4. Improving personalization

Big Data gives retailers the unique opportunity to mirror the shopkeeper of yore, adapting communication and sales techniques to life events and preferences. Research cited on the Harvard Business Review blog found that personalization can deliver five to eight times the ROI on marketing investment and boost sales 10 percent. Consumers are fine with sharing personal details so long as it earns them something.

Technology will further enhance the consumer experience as Next Best Offer (NBO) technology becomes reality. NBO represents the convergence of real-time data analysis and mobile offers. By reaching consumers at the right time, in the right place, through the right channel, NBO provides personalization on steroids and is the future of the industry.

5. Segmenting the most valuable customers

Harnessing Big Data is a massive undertaking, but the payoff lies in finding the most profitable customers. Prioritizing these high-value customers is essential to success, especially considering that it costs more to acquire new customers than to keep the best customers. Improvements in data-crunching abilities allow retailers to analyze the behavior and needs that drive individual customers, which results in more relevant and targeted offers.
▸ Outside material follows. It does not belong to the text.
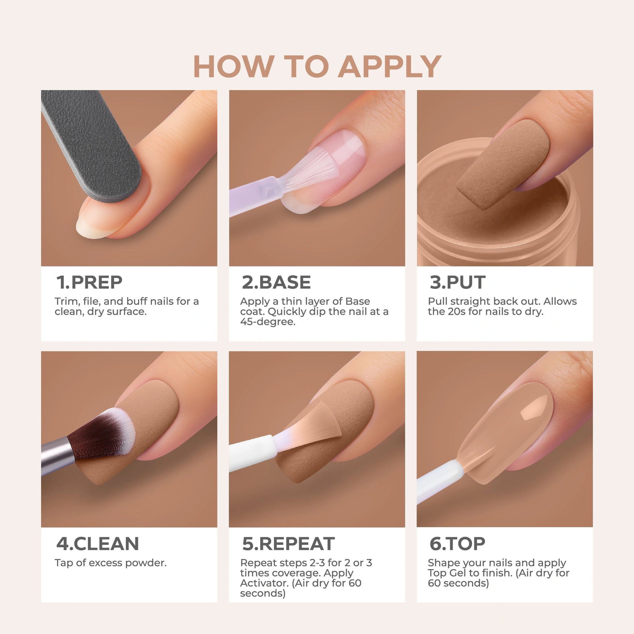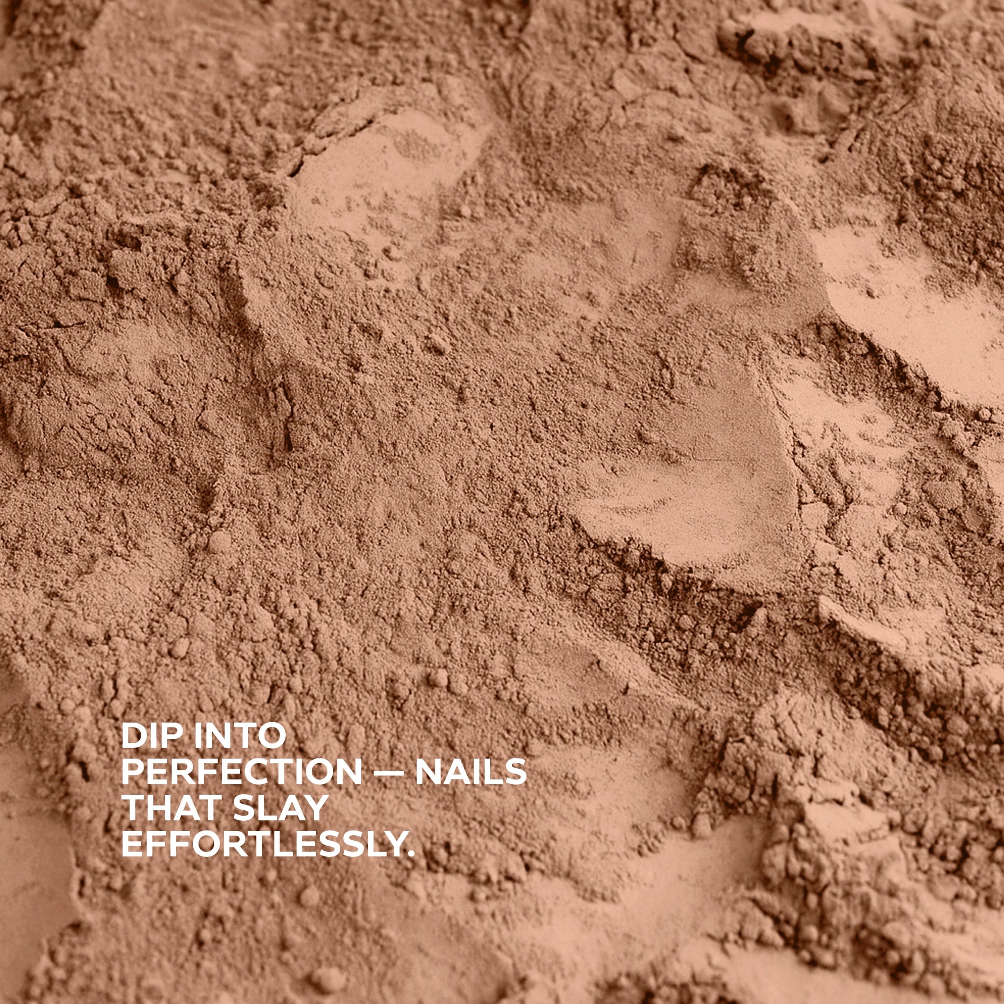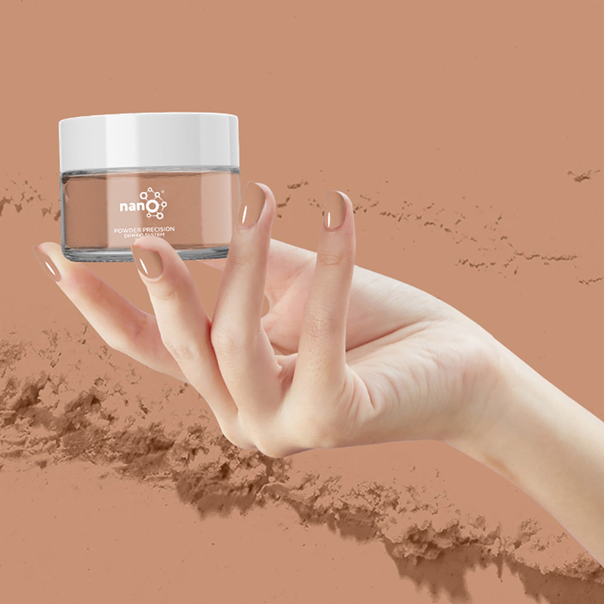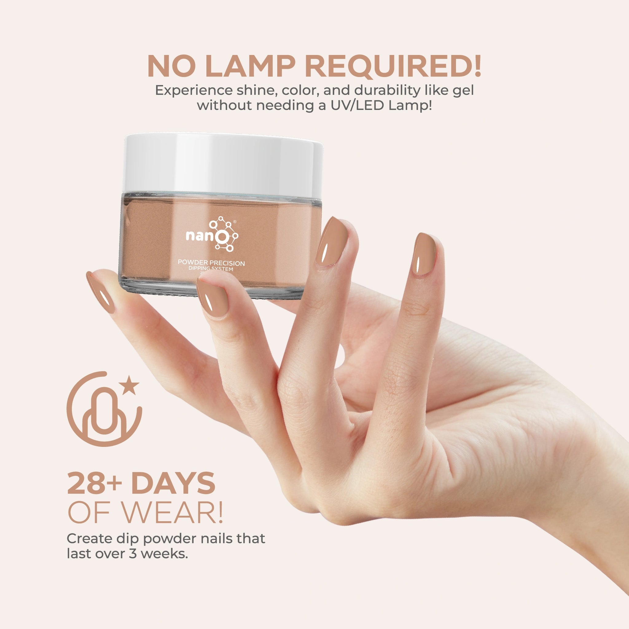 - أضيفي البودرة: اغمسي أظافرك فورًا في بودرة Nano® Dip Powder أو رشي البودرة بالتساوي على الأظافر. قومي بإزالة أي بودرة زائدة برفق.

A recent study by Aberdeen Group found that 59 percent of retailers identified a lack of consumer insights as their top data-related pain point. Yet retailers have more customer data than ever. For brands competing in an industry with slim margins, harnessing the right data and smart analysis will lead to better engagement, more loyal customers and a competitive advantage.

Maximizing Big Data’s potential

Retailers that are taking advantage of Big Data’s potential are reaping the rewards.  They’re able to use data to effectively reach consumers through the correct channels and with messages that resonate to a highly targeted audience.  Although there are obvious benefits, many retailers are surprisingly still failing to act on these trends. This delay is largely due to a dependence on siloed information, lack of executive involvement and a general trend among marketers to fail to understand analytics. Without advancing internal structures, gaining executive support or educating internally, jumping on these Big Data trends is nearly impossible.

Big Data can be overwhelming, and it’s important that retailers understand what their current systems can handle. For data to produce results, retailers need to integrate technology to ensure that they are gaining insights they can quickly act upon. Once internal resources are up to date – including both human knowledge and technology assets – Big Data possibilities are limitless.